20.09.2023

How to Install WireGuard VPN Client on Ubuntu Linux

WireGuard is an application that allows you to set up a secure virtual private network (VPN), known for its simplicity and ease of use. It uses proven cryptographic protocols and algorithms to protect data. Originally designed for the Linux kernel, it can be deployed on Windows, macOS, BSD, iOS and Android. This WireGuard vpn client setup uses the Linux distribution, Ubuntu 20.04.

Installing the WireGuard Client App on Ubuntu

WireGuard client installation is done in the same way as on the server side.
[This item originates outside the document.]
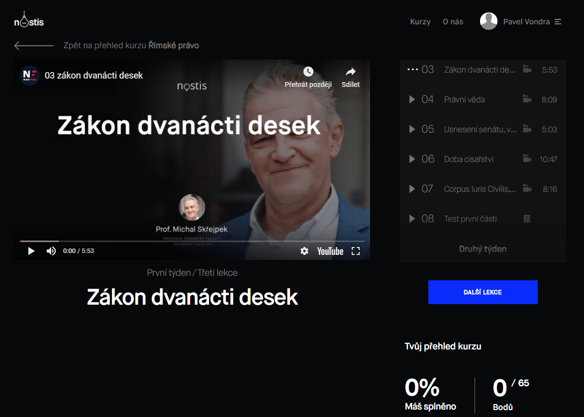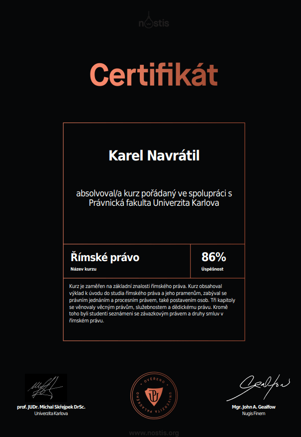 Platforma Nostis nabízí bezplatné kurzy právního povědomí, které připravuje v spolupráci s právními fakultami univerzit. Kurzy jsou strukturované do týdenních bloků plných video přednášek, textů a jiných materiálů (např. myšlenkových map). Na konci každého z bloků si vyplníte test, a po získání daného množství bodů získáte certifikát o úspěšném absolvování kurzu.

Log in via SSH to the Linux server, after logging in, check if the machine is updated by running the following command:

sudo apt-get update && sudo apt-get upgrade

Now install WireGuard by running the following command:

sudo apt-get install wireguard

Generating Private and Public Keys

WireGuard works by encrypting the connection using a pair of cryptographic keys. The key pair is used by passing the public key to the other party, which can then encrypt its message so that it can only be decrypted with the corresponding private key. To secure two-way communication, each side must have its own private and public keys, since each pair provides only one-way messaging.

Generate a client public and private key pair by running the following command:

wg genkey | tee private.key | wg pubkey > public.key

After that, create a client configuration file, in the following directory:

sudo nano /etc/wireguard/wg0.conf

In the file type:

[Interface]
PrivateKey = <contents-of-client-privatekey>
Address = 10.0.0.1/24
PostUp = iptables -A FORWARD -i wg0 -j ACCEPT; iptables -t nat -A POSTROUTING -o eth0 -j MASQUERADE
PostDown = iptables -D FORWARD -i wg0 -j ACCEPT; iptables -t nat -D POSTROUTING -o eth0 -j MASQUERADE
ListenPort = 51820
[Peer]
PublicKey = <contents-of-server-publickey>
AllowedIPs = 10.0.0.2/32

Notes: In the publickey line insert the server public key that we generated in the previous article and on the private key insert the client private key. The key can be viewed with the command:

cat private.key

WireGuard Startup

To start the connection, type the following command:

sudo wg-quick up wg0

Now the client can communicate with the server, you can ping the server from the client with the command

ping 10.0.0.1

To find out the connection status, run the following command:

sudo wg show

You will get all the connection details as shown below

Congratulations! Your client computer now has access to the VPN network.